Mutagenesis study of the HCF-binding motif in ZF. (A) The consensus sequence, [D/E]HXY[S/A], found in VP16 and Luman as well as their homologs is proved to be a HCF-binding motif. To test whether this motif in ZF is also involved in HCF binding, we mutated two absolutely conserved residues, H222 and Y224, and the negatively charged residue D221 by site-directed mutagenesis. (B) GST pull-down assay. GST and all GST fusion proteins were produced in E.coli strain BL21(DE3), coupled to glutathione–Sepharose beads. After incubation with [³⁵S]HCF, the beads were washed and analyzed by 10% SDS–PAGE. The lane labeled input represents one-tenth of the [³⁵S]HCF incubation mixture. (C) Mammalian two-hybrid assay. Plasmids pcZF, pcZF(D221A), pcZF(H222A) and pcZF(Y224A) were introduced into COS7 cells separately with reporter pG5EC and the plasmid expressing GAL–HCF. An aliquot of 0.5 µg DNA was used for each plasmid. Plasmid pcDNA3 was used as a control. The CAT activity was measured by ELISA 48 h post-transfection.

Figure 5

Like VP16, ZF binds to HCF but not to the mutant HCF(P134S), as determined by GST pull-down assay (A and B) and by mammalian two-hybrid assay (C). GST and GST fusion proteins of ZF and VP16 were produced in E.coli strain BL21(DE3), coupled to Sepharose beads. HCF was labeled with [³⁵S]methionine by in vitro transcription and translation in a rabbit reticulocyte system (TnT; Promega).
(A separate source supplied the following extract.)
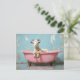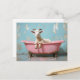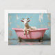 Uma pintura branca com uma cabra branca com chifres relaxando numa banheira rosa vintage, colocada contra uma parede azul clara para uma encantadora e divertida cena rústica.

The protein-bound beads were incubated with an equivalent amount of ³⁵S-labeled HCF (A) or HCF(P134S) (B). After extensive washing, proteins were eluted, fractionated by 10% SDS–PAGE and visualized by autoradiography. The first lane on the figure represents one-tenth of the input. Plasmids expressing GAL–HCF, GAL–HCF(P134) and GAL DBD alone (C) were co-transfected into COS7 cells with either pcZF, pcLuman or their parental vector pcDNA3 (0.5 µg each), with pG5EC as the reporter. The CAT activity was measured 48 h post-transfection.

Figure 6

ZF prevents HSV ICP0 expression in virus-infected cells in a HCF-dependent manner. Vero cells were transfected with plasmids expressing either ZF (A–C) or ZF Y224A (D–F). The cells were then infected with HSV-1 at a m.o.i. of 10 p.f.u./cell. Six hours after infection the cells were fixed and stained simultaneously for both ZF (Alexa546, red) and ICP0 (Alexa488, green). The cells were then visualized in a fluorescent microscope using either a 546 (A and D) or 450–490 nm filter (B and E). The red and green images were combined (C and F) using Northern Eclipse 5.0 software. In (E) the arrowheads indicate ICP0 stained nuclei that also stain for ZF Y224A.

Figure 7

Northern blot analysis of ZF. MTN northern blots (Clontech) containing poly(A)⁺ mRNA from adult and fetal human tissues were hybridized with ³²P-labeled full-length ZF cDNA. Molecular size standards (in kilobases) and tissues of origin are indicated. The same blots were hybridized with the β-actin probe and used as a loading reference. Note that the human β-actin cDNA probe cross-hybridizes to muscle-type actin in heart and skeletal muscle.